When nothing is real – to take a Lennon line – there’s nothing to get hung about.
Bitcoin, to put it mildly, has lost China. To be more specific, China has banned transactions involving cryptos, marking them as illegal. That, of course, includes bitcoin.
That blanket ban seems to set up a greenfield opportunity for central bank efforts to bring digital yuan into the mix, to be used across a variety of use cases in retail and commercial settings.
The exodus has already begun in earnest, as two of the world’s biggest bitcoin exchanges – Huobi and Binance – stopped taking users from China, with the former on track to close accounts based in mainland China.
But the price of bitcoin, arguably the 800-pound gorilla in the space, as measured by market cap – and certainly as a proxy for cryptos in general – has remained surprisingly resilient.
At a recent quote of about $43,566, bitcoin is trading lower than it was last week when the ban was announced – but not by much, considering that back then, the price was about $1,000 higher. The recent trading action is significantly above the recent nadir of around $41,300 seen in the wake of the announcements from Chinese authorities.
Now, the “market share” of a certain country tied to any single crypto may be tough to pin down, and would fluctuate depending on sentiment. But recent reports in publications like The Wall Street Journal, per statements from Huobi executives, peg that crypto’s volume from the rest of the world at around 70%; that leaves 30% of volume stemming from China.
With at least double-digit contributions from China for these exchanges, it stands to reason that the price would, well … tank. And yet, as noted above, that has not happened.
To draw a parallel: What would happen if, say, China effectively banned Apple – which, depending on the quarter, could mean that a high teens (or greater) percentage of the top line would disappear? The reaction on the Street among buyers and sellers would point in one direction: down.
Yet bitcoin’s buoyancy begs the question: Just what is the price based on? It might be the case that the latest China news, upon reflection, is sparking a “ho-hum” reaction. After all, China has tried, via varying regulatory salvos in past years, to stamp out bitcoin. But in this latest effort, there’s a concerted push by 10 agencies to put an end to the mining and trading.
The assumption, then, is that bitcoin-related activity will simply go somewhere else. Hong Kong is still a viable market for trading. And in at least one market, El Salvador, we’re seeing the uneven ride toward the long-promised use as currency.

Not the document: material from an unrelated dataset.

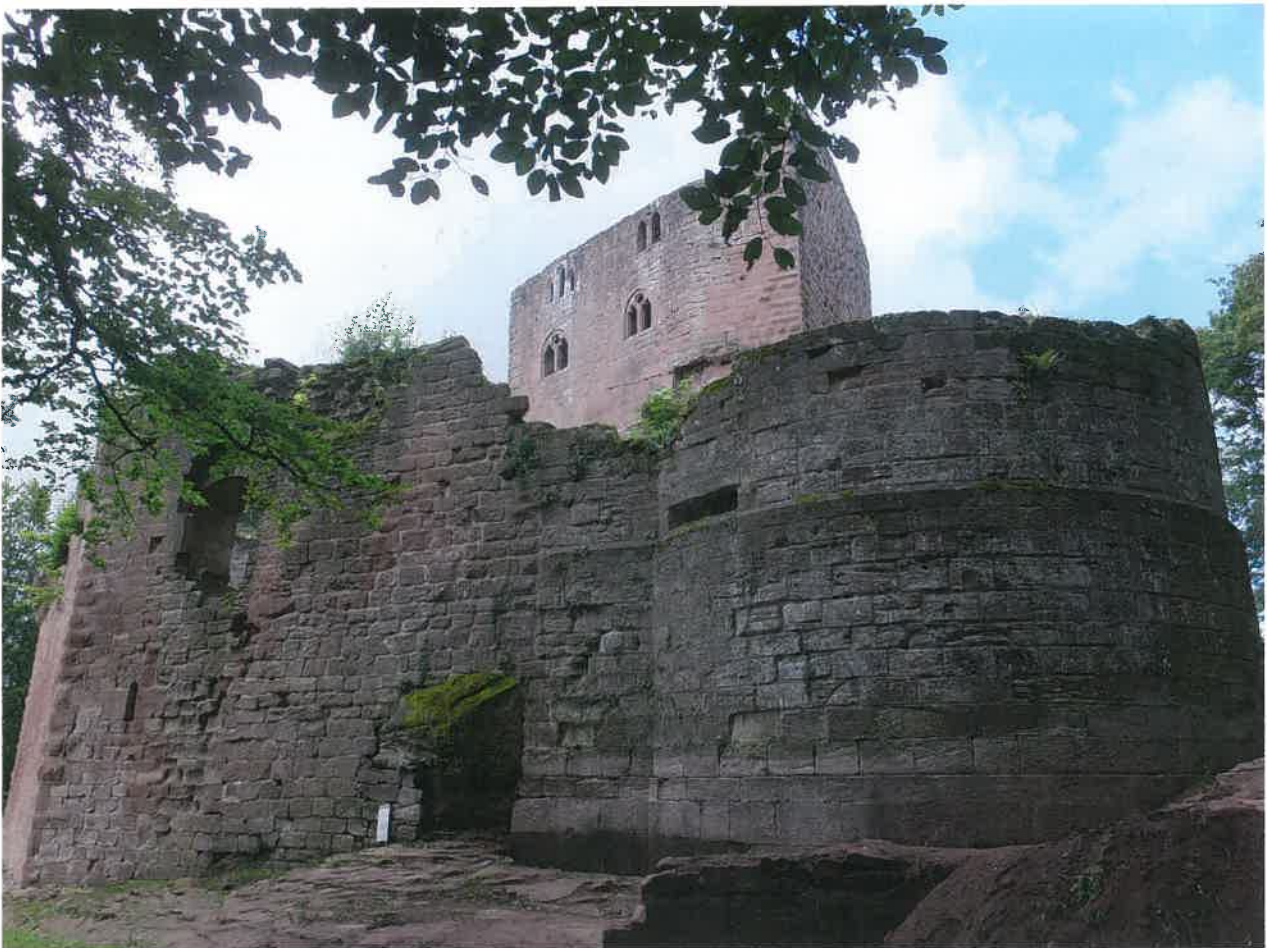
Fig. 27 Nouveau-Windstein - Barbacane

- Les équipements touristiques installés en 2015 ont été officiellement inaugurés le 24 avril 2016. en présence de Frédéric Reiss, député de la circonscription de Wissembourg, de madame Marajo-Guthmuller et mon-

The speculation seems to be rooted in the promise that bitcoin will find its place and its level in markets outside of China. Companies like PayPal are launching super apps that bring crypto into the fold. And, as PYMNTS has noted in past studies, as much as 18% of the population would use crypto in everyday commerce, which translates into tens of millions of consumers.
For now, at least speculation is speculation – waiting for something that has yet to materialize, and may not (at least not in the expected fashion). So, in that vein, the price can be whatever one wants it to be.
Which begs another Lennon song title: Imagine.